The Kangayam bull thundering across red soil. The Pulikulam’s muscle memory, refined across five thousand years. The A2 milk in a child’s brass tumbler on a Tamil winter morning. The verse from the Kalithogai that called it Eru Thazhuvuthal, the embracing, because even in the Sangam age, they knew this was not combat. This was love with consequences. This was conservation with a heartbeat.
The man who runs toward the bull in that arena is not performing bravery for an audience. He is performing duty for a bloodline. He is the last link in a chain that begins with Indus Valley seal-makers, runs through Sangam poets, through Chellappa’s Pichai, through half a million silent people on Marina Beach, and arrives at this moment, a barefoot young man, red dust rising around him, throwing himself at something ancient and irreplaceable, trying to hold on.The bull always has a choice.

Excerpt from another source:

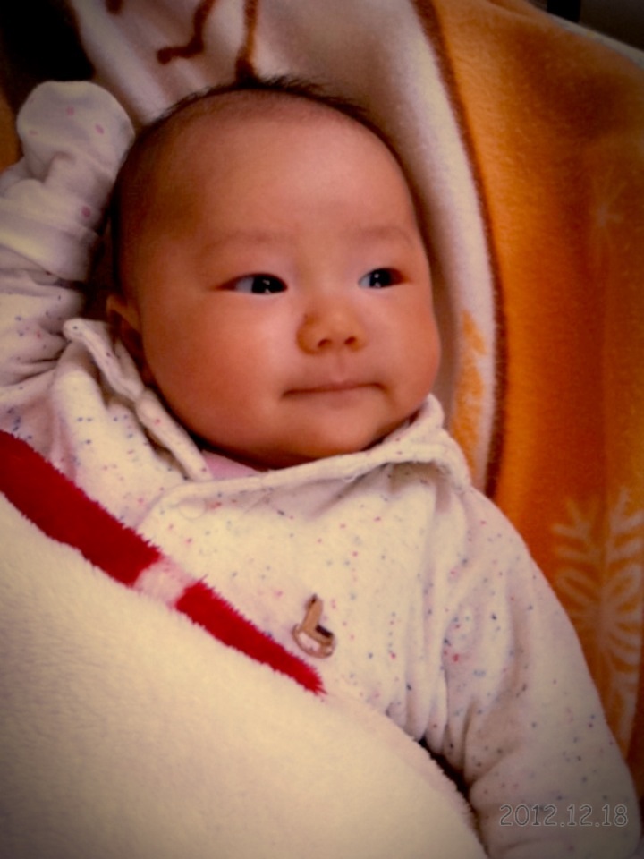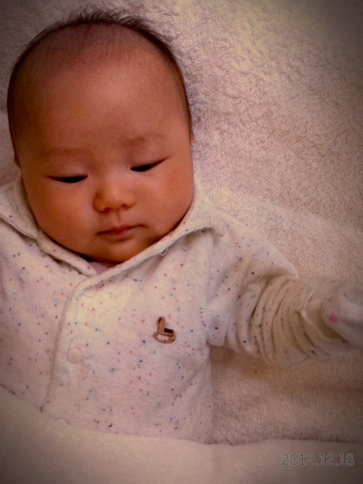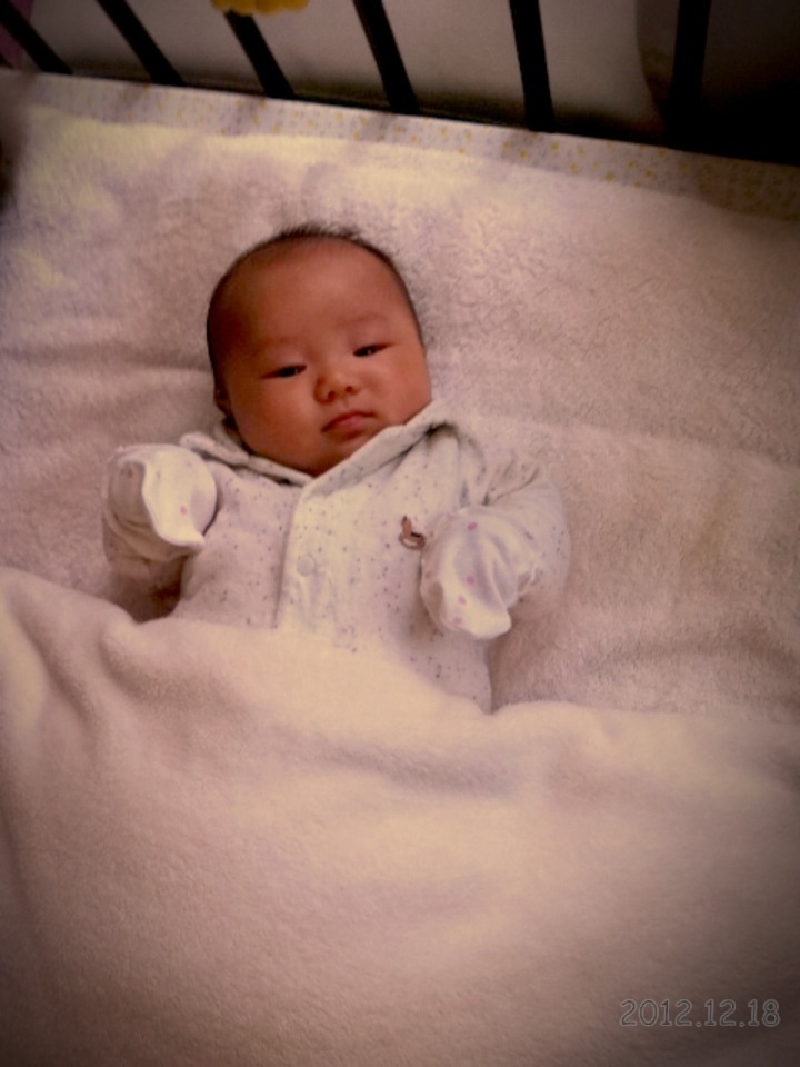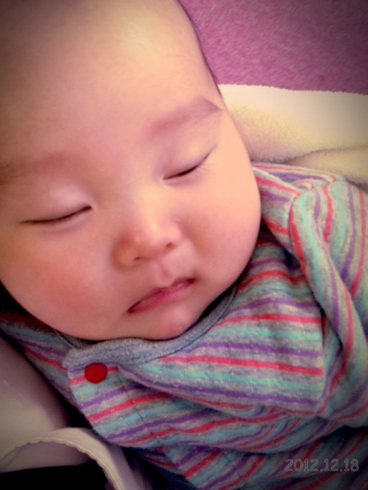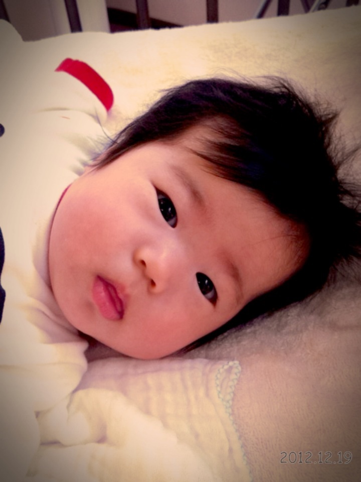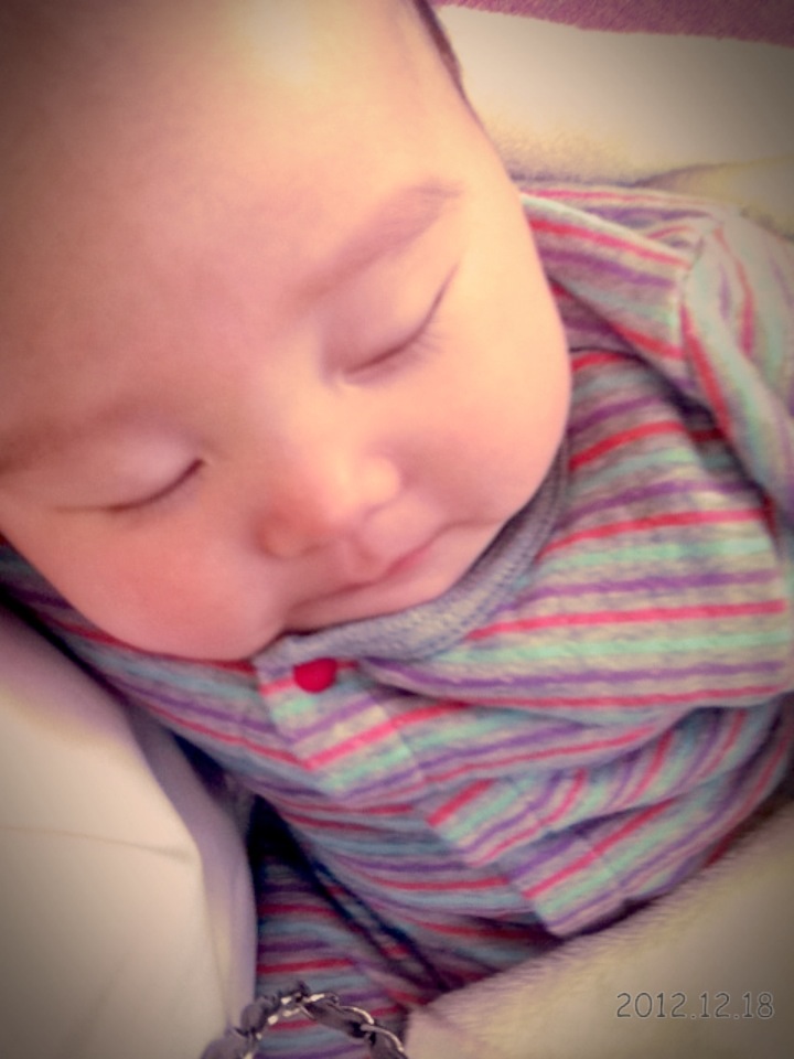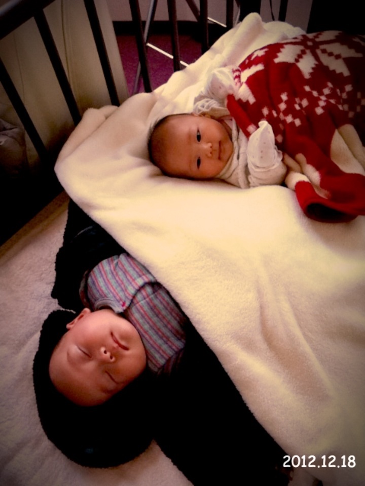 Mちゃんを抱っこして寝かせていたのですが、同じ格好で寝ていたので、再度同じベットで記念撮影

It can turn. It can charge away. It can leave the arena untouched and unchallenged. The fact that it returns, year after year, breed after breed, generation after generation, is the only argument Jallikattu has ever needed.
“காளை வீழ்த்துவது வீரம் அல்ல; காளையை காத்து, இனத்தை காத்து, மண்ணை காத்து நிற்பதே உண்மையான தமிழனின் வீரம்.”
“Bringing down a bull is not bravery. Standing firm to protect the bull, protect the breed, and protect the soil, that is the true courage of a Tamil.”